Por su parte, Darfur, la catástrofe humanitario por excelencia del siglo XXI, no deja de enviar pésimas noticias. Sus orígenes se encuentran en el enfrentamiento tribal entre negros africanos y árabes blancos por el territorio. Tras su inicio en febrero de 2003 con ataques del denominado Frente de Liberación de Darfur a posiciones del ejército regular y un complicado desarrollo bélico, político y diplomático, se firmó en Nigeria un Acuerdo de Paz en mayo 2006. En agosto, el Consejo de Seguridad de Naciones Unidas aprobó enviar 17.300 cascos azules para pacificar la enorme región de Darfur -del tamaño de España-, lo cual fue enérgicamente rechazado por Sudán, que lanzó una gran ofensiva el mes siguiente haciendo añicos el Acuerdo de Paz. En 2007 la ONU presentó un nuevo plan para Darfur y decidió el envío de 26.000 soldados en una decisión calificada por el secretario general de la ONU, Ban Ki-moon, como “histórica”.

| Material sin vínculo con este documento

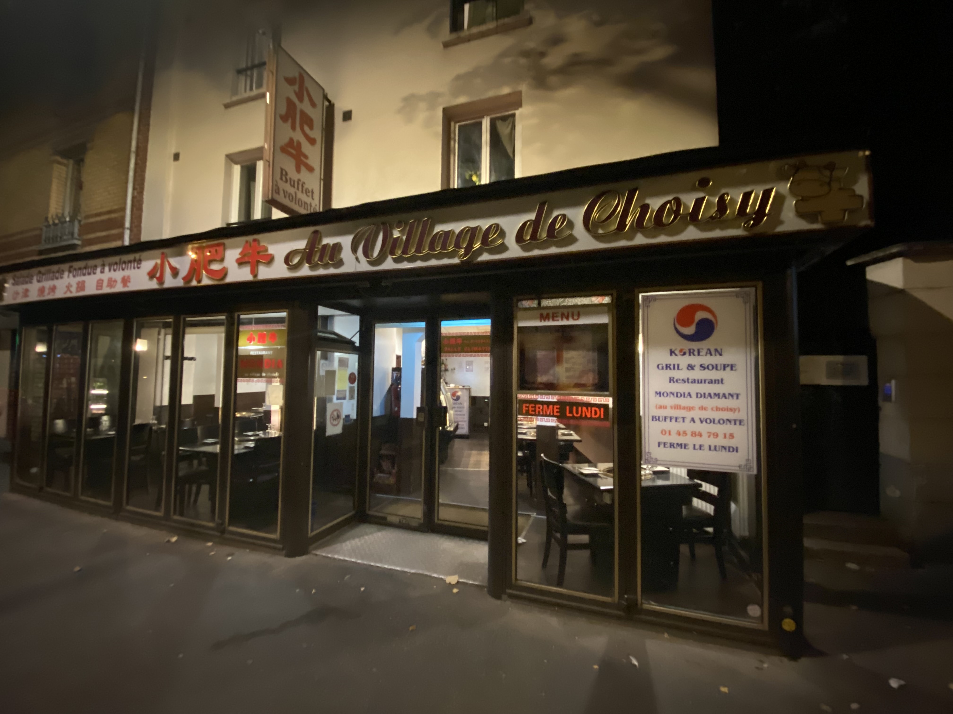 Vous voulez vous régaler d'une véritable fondue Coréenne ou d'un barbecue Coréen ? Le village de Choisy est la bonne adresse. Le personnel est aux petits soins et très attentionné. Si il s'agit de votre première visite, pas de stress, on vous explique tout. Vous pouvez panacher fondue et barbecue sur la table. Et tout est à volonté et sans cesse réapprovisionné. C'est délicieux et l'on sort plus que rassasié. Prévoyez un tee-shirt car lorsque tous les barbecues fonctionnent, il fait très chaud.

Las instituciones internacionales más respetables reconocen un balance de alrededor de 350.000 muertos y unos 2.000.000 de desplazados. Los EE.UU. calificó este resultado de genocidio. En marzo de 2009, el Tribunal Penal Internacional ordenó la detención y envío a La Haya del presidente de Sudán, Ahmad al-Bashir, de su ministro del Interior y del líder de la milicia janjaweed aliada del Gobierno de Jartum por presuntos crímenes de guerra y contra la humanidad en la región de Darfur. En un segundo paso se les acusó también de genocidio. La orden sigue vigente.

Hoy la Misión de la ONU en Darfur, Unamid -cabe recordar que Sudán es el único país del mundo con dos misiones de la ONU- cuenta con 10.500 efectivos militares y 4.000 civiles y un presupuesto de mil millones de dólares para ayudar a la pacificación de la región y atender a casi 2.000.000 de personas que viven en campamentos maltrechos, superpoblados y peligrosos. Otros 220.000 refugiados han cruzado la frontera para huir a Chad, el país vecino. Es curioso que en círculos diplomáticos a esta enorme tragedia se denomine “conflicto de baja-intensidad”.

Con toda esta dosis de dura realidad lo único cierto y palpable en este país es la desdicha humanitaria que hoy conoce, los esfuerzos de la comunidad internacional por mitigar este dolor y la ilusión no oculta de los sureños de romper los lazos con el norte y ser mínimamente viables tras el nacimiento de su país. A partir de este punto, hay más preguntas que respuestas sobre lo que pasará en las próximas semanas en materia humanitaria y de seguridad y sobre la fortuna del nuevo Estado soberano e independiente de Sudán del Sur, el 193 de la comunidad de naciones.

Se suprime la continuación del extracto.